## Your objective
Copy each entry exactly, leaving nothing out.

[Source data]
--- START ---

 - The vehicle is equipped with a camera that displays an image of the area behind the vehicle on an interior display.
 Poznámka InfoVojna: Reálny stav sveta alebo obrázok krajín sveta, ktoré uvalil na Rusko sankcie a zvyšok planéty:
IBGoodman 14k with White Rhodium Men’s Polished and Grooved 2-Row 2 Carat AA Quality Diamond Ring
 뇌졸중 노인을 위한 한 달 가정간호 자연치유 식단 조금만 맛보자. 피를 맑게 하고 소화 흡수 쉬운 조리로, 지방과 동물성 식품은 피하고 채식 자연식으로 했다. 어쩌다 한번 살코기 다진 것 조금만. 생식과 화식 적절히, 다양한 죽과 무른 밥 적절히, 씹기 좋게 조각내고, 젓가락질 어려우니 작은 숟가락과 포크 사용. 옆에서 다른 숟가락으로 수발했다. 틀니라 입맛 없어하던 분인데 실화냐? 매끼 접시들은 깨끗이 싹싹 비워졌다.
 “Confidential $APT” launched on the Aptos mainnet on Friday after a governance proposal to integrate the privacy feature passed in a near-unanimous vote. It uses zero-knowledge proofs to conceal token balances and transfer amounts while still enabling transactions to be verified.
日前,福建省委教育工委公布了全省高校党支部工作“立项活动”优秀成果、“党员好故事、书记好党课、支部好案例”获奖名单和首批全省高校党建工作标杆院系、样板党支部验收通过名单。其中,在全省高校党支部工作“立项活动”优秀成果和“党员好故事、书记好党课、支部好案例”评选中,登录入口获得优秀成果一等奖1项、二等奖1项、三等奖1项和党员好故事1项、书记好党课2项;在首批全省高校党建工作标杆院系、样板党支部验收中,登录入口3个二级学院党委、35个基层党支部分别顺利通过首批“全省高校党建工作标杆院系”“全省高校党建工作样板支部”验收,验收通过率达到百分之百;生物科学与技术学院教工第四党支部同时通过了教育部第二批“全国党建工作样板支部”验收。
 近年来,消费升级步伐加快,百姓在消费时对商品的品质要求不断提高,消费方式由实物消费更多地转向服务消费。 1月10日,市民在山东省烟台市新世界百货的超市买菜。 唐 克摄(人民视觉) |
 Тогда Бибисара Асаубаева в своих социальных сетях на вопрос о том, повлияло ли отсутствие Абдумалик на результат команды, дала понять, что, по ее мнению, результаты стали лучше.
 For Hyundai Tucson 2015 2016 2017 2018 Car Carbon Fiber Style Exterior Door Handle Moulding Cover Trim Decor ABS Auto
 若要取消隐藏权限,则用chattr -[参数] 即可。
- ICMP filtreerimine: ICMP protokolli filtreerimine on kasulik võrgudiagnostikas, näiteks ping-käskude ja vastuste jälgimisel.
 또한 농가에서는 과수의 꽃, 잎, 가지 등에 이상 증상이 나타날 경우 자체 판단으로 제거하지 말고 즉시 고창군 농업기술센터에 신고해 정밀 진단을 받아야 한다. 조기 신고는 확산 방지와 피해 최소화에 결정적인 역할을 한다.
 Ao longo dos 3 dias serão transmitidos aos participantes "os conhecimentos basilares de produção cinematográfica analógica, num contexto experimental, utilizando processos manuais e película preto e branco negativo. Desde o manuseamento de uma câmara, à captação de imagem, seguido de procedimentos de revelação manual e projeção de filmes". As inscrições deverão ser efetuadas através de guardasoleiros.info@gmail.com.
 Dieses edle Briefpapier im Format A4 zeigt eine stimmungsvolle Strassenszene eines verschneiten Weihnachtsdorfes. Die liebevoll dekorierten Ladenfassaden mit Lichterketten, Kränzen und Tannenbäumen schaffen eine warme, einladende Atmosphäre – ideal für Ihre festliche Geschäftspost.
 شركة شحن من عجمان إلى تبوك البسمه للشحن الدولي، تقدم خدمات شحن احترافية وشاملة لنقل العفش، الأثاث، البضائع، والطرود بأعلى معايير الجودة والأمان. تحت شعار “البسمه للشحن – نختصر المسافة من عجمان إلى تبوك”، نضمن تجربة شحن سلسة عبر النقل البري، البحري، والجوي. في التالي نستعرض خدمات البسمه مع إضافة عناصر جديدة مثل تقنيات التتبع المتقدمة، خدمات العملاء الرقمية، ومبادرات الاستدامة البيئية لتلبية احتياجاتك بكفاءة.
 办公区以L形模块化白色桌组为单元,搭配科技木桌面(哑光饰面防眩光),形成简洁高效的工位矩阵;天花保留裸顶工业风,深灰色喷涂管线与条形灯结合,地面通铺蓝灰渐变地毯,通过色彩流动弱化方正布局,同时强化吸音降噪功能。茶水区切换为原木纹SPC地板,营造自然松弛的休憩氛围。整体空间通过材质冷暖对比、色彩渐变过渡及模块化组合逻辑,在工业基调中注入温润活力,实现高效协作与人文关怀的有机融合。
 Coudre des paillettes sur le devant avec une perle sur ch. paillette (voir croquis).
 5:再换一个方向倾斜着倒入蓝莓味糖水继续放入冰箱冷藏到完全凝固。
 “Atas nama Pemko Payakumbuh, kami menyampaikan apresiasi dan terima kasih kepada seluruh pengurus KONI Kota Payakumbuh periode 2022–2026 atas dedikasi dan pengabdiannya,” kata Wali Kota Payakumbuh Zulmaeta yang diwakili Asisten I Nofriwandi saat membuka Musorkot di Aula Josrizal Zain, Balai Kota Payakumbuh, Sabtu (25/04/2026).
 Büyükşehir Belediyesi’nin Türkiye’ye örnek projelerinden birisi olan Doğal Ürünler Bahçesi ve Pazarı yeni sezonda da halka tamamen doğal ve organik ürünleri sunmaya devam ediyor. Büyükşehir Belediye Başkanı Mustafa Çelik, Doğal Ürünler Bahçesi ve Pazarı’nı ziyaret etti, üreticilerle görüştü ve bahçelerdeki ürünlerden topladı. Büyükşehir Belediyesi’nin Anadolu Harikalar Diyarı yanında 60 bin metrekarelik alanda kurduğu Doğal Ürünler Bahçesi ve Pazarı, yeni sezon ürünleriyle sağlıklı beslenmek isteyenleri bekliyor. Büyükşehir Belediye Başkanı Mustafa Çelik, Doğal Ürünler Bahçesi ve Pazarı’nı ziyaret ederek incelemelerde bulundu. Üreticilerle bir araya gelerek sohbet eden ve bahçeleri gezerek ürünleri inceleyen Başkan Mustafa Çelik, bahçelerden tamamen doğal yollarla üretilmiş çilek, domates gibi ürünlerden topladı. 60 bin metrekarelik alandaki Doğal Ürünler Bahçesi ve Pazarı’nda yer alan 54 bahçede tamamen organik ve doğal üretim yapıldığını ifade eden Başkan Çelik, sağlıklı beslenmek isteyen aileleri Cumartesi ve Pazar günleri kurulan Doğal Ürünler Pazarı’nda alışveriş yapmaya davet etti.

--- END ---

## Solution to this exercise
 - The vehicle is equipped with a camera that displays an image of the area behind the vehicle on an interior display.
 Poznámka InfoVojna: Reálny stav sveta alebo obrázok krajín sveta, ktoré uvalil na Rusko sankcie a zvyšok planéty:
IBGoodman 14k with White Rhodium Men’s Polished and Grooved 2-Row 2 Carat AA Quality Diamond Ring
 뇌졸중 노인을 위한 한 달 가정간호 자연치유 식단 조금만 맛보자. 피를 맑게 하고 소화 흡수 쉬운 조리로, 지방과 동물성 식품은 피하고 채식 자연식으로 했다. 어쩌다 한번 살코기 다진 것 조금만. 생식과 화식 적절히, 다양한 죽과 무른 밥 적절히, 씹기 좋게 조각내고, 젓가락질 어려우니 작은 숟가락과 포크 사용. 옆에서 다른 숟가락으로 수발했다. 틀니라 입맛 없어하던 분인데 실화냐? 매끼 접시들은 깨끗이 싹싹 비워졌다.
 “Confidential $APT” launched on the Aptos mainnet on Friday after a governance proposal to integrate the privacy feature passed in a near-unanimous vote. It uses zero-knowledge proofs to conceal token balances and transfer amounts while still enabling transactions to be verified.
日前,福建省委教育工委公布了全省高校党支部工作“立项活动”优秀成果、“党员好故事、书记好党课、支部好案例”获奖名单和首批全省高校党建工作标杆院系、样板党支部验收通过名单。其中,在全省高校党支部工作“立项活动”优秀成果和“党员好故事、书记好党课、支部好案例”评选中,登录入口获得优秀成果一等奖1项、二等奖1项、三等奖1项和党员好故事1项、书记好党课2项;在首批全省高校党建工作标杆院系、样板党支部验收中,登录入口3个二级学院党委、35个基层党支部分别顺利通过首批“全省高校党建工作标杆院系”“全省高校党建工作样板支部”验收,验收通过率达到百分之百;生物科学与技术学院教工第四党支部同时通过了教育部第二批“全国党建工作样板支部”验收。
 近年来,消费升级步伐加快,百姓在消费时对商品的品质要求不断提高,消费方式由实物消费更多地转向服务消费。 1月10日,市民在山东省烟台市新世界百货的超市买菜。 唐 克摄(人民视觉) |
 Тогда Бибисара Асаубаева в своих социальных сетях на вопрос о том, повлияло ли отсутствие Абдумалик на результат команды, дала понять, что, по ее мнению, результаты стали лучше.
 For Hyundai Tucson 2015 2016 2017 2018 Car Carbon Fiber Style Exterior Door Handle Moulding Cover Trim Decor ABS Auto
 若要取消隐藏权限,则用chattr -[参数] 即可。
- ICMP filtreerimine: ICMP protokolli filtreerimine on kasulik võrgudiagnostikas, näiteks ping-käskude ja vastuste jälgimisel.
 또한 농가에서는 과수의 꽃, 잎, 가지 등에 이상 증상이 나타날 경우 자체 판단으로 제거하지 말고 즉시 고창군 농업기술센터에 신고해 정밀 진단을 받아야 한다. 조기 신고는 확산 방지와 피해 최소화에 결정적인 역할을 한다.
 Ao longo dos 3 dias serão transmitidos aos participantes "os conhecimentos basilares de produção cinematográfica analógica, num contexto experimental, utilizando processos manuais e película preto e branco negativo. Desde o manuseamento de uma câmara, à captação de imagem, seguido de procedimentos de revelação manual e projeção de filmes". As inscrições deverão ser efetuadas através de guardasoleiros.info@gmail.com.
 Dieses edle Briefpapier im Format A4 zeigt eine stimmungsvolle Strassenszene eines verschneiten Weihnachtsdorfes. Die liebevoll dekorierten Ladenfassaden mit Lichterketten, Kränzen und Tannenbäumen schaffen eine warme, einladende Atmosphäre – ideal für Ihre festliche Geschäftspost.
 شركة شحن من عجمان إلى تبوك البسمه للشحن الدولي، تقدم خدمات شحن احترافية وشاملة لنقل العفش، الأثاث، البضائع، والطرود بأعلى معايير الجودة والأمان. تحت شعار “البسمه للشحن – نختصر المسافة من عجمان إلى تبوك”، نضمن تجربة شحن سلسة عبر النقل البري، البحري، والجوي. في التالي نستعرض خدمات البسمه مع إضافة عناصر جديدة مثل تقنيات التتبع المتقدمة، خدمات العملاء الرقمية، ومبادرات الاستدامة البيئية لتلبية احتياجاتك بكفاءة.
 办公区以L形模块化白色桌组为单元,搭配科技木桌面(哑光饰面防眩光),形成简洁高效的工位矩阵;天花保留裸顶工业风,深灰色喷涂管线与条形灯结合,地面通铺蓝灰渐变地毯,通过色彩流动弱化方正布局,同时强化吸音降噪功能。茶水区切换为原木纹SPC地板,营造自然松弛的休憩氛围。整体空间通过材质冷暖对比、色彩渐变过渡及模块化组合逻辑,在工业基调中注入温润活力,实现高效协作与人文关怀的有机融合。
 Coudre des paillettes sur le devant avec une perle sur ch. paillette (voir croquis).
 5:再换一个方向倾斜着倒入蓝莓味糖水继续放入冰箱冷藏到完全凝固。
 “Atas nama Pemko Payakumbuh, kami menyampaikan apresiasi dan terima kasih kepada seluruh pengurus KONI Kota Payakumbuh periode 2022–2026 atas dedikasi dan pengabdiannya,” kata Wali Kota Payakumbuh Zulmaeta yang diwakili Asisten I Nofriwandi saat membuka Musorkot di Aula Josrizal Zain, Balai Kota Payakumbuh, Sabtu (25/04/2026).
 Büyükşehir Belediyesi’nin Türkiye’ye örnek projelerinden birisi olan Doğal Ürünler Bahçesi ve Pazarı yeni sezonda da halka tamamen doğal ve organik ürünleri sunmaya devam ediyor. Büyükşehir Belediye Başkanı Mustafa Çelik, Doğal Ürünler Bahçesi ve Pazarı’nı ziyaret etti, üreticilerle görüştü ve bahçelerdeki ürünlerden topladı. Büyükşehir Belediyesi’nin Anadolu Harikalar Diyarı yanında 60 bin metrekarelik alanda kurduğu Doğal Ürünler Bahçesi ve Pazarı, yeni sezon ürünleriyle sağlıklı beslenmek isteyenleri bekliyor. Büyükşehir Belediye Başkanı Mustafa Çelik, Doğal Ürünler Bahçesi ve Pazarı’nı ziyaret ederek incelemelerde bulundu. Üreticilerle bir araya gelerek sohbet eden ve bahçeleri gezerek ürünleri inceleyen Başkan Mustafa Çelik, bahçelerden tamamen doğal yollarla üretilmiş çilek, domates gibi ürünlerden topladı. 60 bin metrekarelik alandaki Doğal Ürünler Bahçesi ve Pazarı’nda yer alan 54 bahçede tamamen organik ve doğal üretim yapıldığını ifade eden Başkan Çelik, sağlıklı beslenmek isteyen aileleri Cumartesi ve Pazar günleri kurulan Doğal Ürünler Pazarı’nda alışveriş yapmaya davet etti.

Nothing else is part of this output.